__WHAT THIS TASK INVOLVES__
No pictures belong in the copy. Retype exactly, and only, the stretch of lines below from the one with "隨著 Google Drive" through the one with "2025年1月-2月新能源厂".
(GIVEN INFORMATION begins)
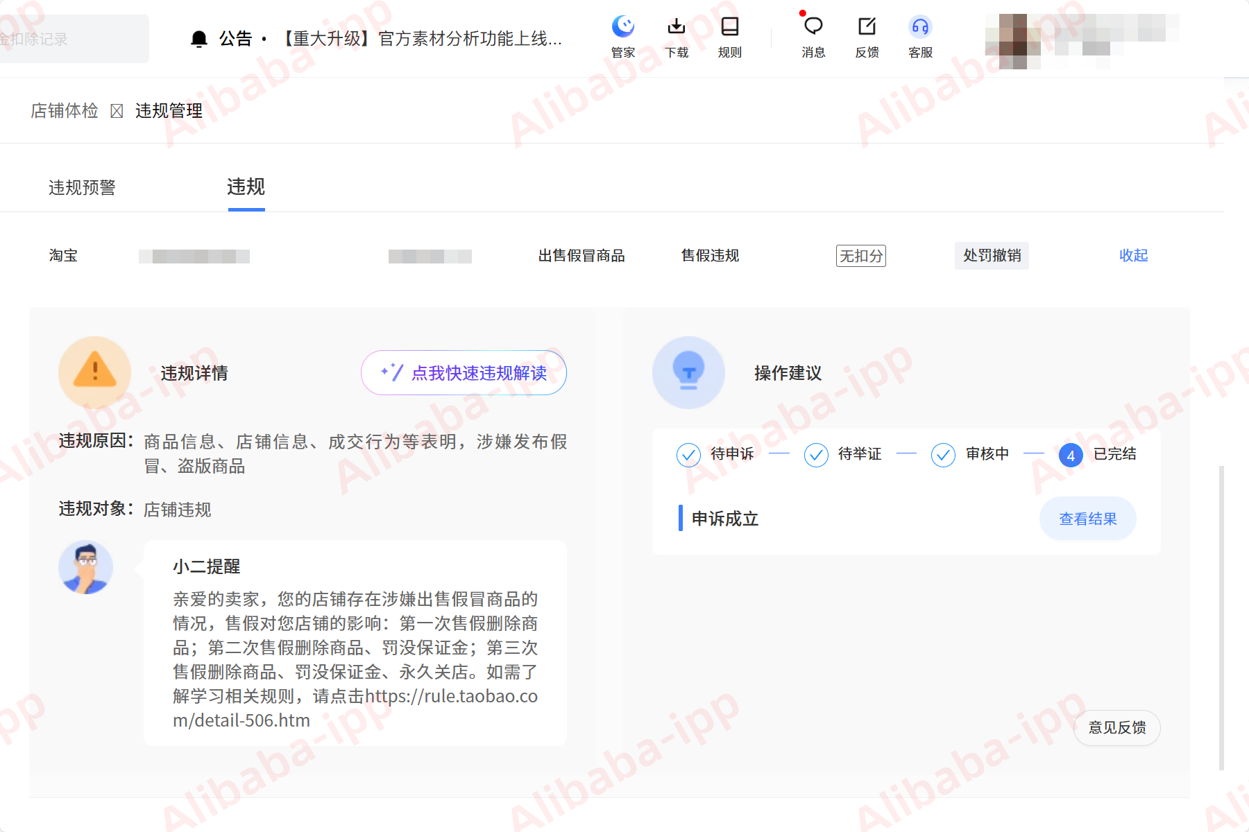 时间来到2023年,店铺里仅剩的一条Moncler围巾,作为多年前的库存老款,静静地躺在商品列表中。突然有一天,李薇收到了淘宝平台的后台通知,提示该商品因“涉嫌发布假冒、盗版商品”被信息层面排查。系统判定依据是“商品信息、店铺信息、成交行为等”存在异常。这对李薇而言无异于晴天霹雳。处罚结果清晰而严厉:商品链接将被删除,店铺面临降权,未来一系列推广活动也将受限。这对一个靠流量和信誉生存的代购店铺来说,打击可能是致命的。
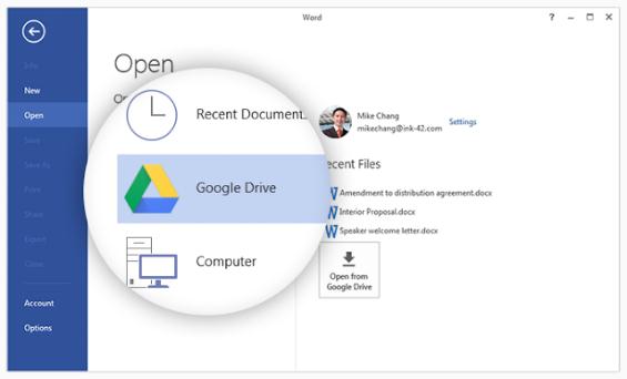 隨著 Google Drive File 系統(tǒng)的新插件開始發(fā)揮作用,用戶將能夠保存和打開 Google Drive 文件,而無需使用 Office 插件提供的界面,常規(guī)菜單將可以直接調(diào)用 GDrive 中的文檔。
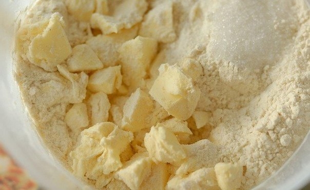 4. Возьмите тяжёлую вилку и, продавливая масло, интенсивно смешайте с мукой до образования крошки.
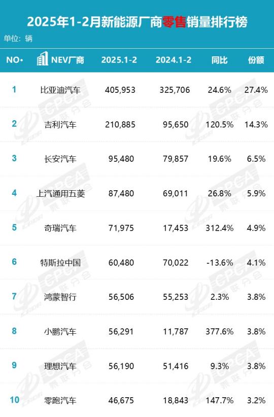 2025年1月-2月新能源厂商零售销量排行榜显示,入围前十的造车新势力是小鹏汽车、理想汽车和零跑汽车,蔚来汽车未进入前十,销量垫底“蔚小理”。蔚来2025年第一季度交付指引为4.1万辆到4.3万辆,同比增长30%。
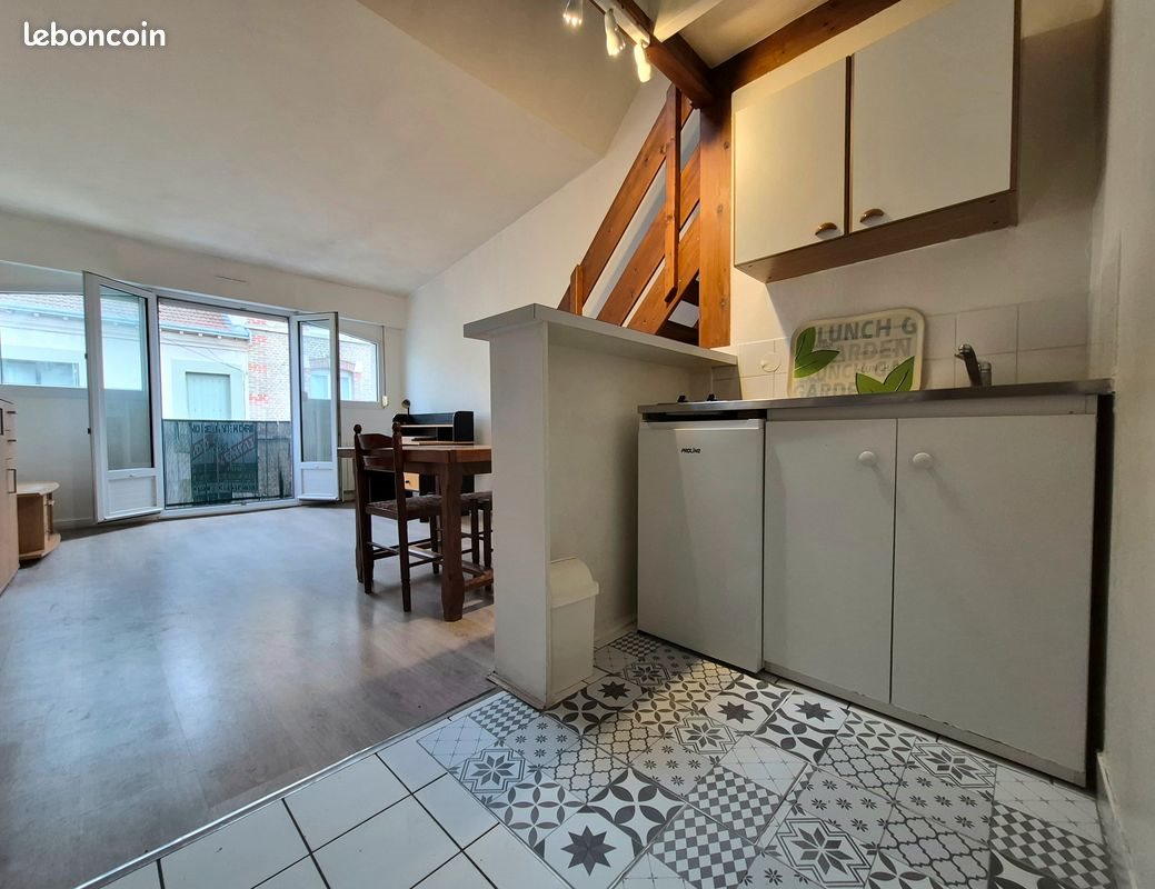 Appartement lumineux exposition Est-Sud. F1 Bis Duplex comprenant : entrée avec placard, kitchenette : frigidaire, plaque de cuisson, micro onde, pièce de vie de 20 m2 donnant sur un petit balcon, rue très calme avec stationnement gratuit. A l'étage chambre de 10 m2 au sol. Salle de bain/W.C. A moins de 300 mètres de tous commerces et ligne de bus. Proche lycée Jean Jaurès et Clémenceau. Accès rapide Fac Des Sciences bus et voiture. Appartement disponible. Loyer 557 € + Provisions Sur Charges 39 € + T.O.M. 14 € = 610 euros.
(GIVEN INFORMATION ends)
__ANSWER__
 隨著 Google Drive File 系統(tǒng)的新插件開始發(fā)揮作用,用戶將能夠保存和打開 Google Drive 文件,而無需使用 Office 插件提供的界面,常規(guī)菜單將可以直接調(diào)用 GDrive 中的文檔。
 4. Возьмите тяжёлую вилку и, продавливая масло, интенсивно смешайте с мукой до образования крошки.
 2025年1月-2月新能源厂商零售销量排行榜显示,入围前十的造车新势力是小鹏汽车、理想汽车和零跑汽车,蔚来汽车未进入前十,销量垫底“蔚小理”。蔚来2025年第一季度交付指引为4.1万辆到4.3万辆,同比增长30%。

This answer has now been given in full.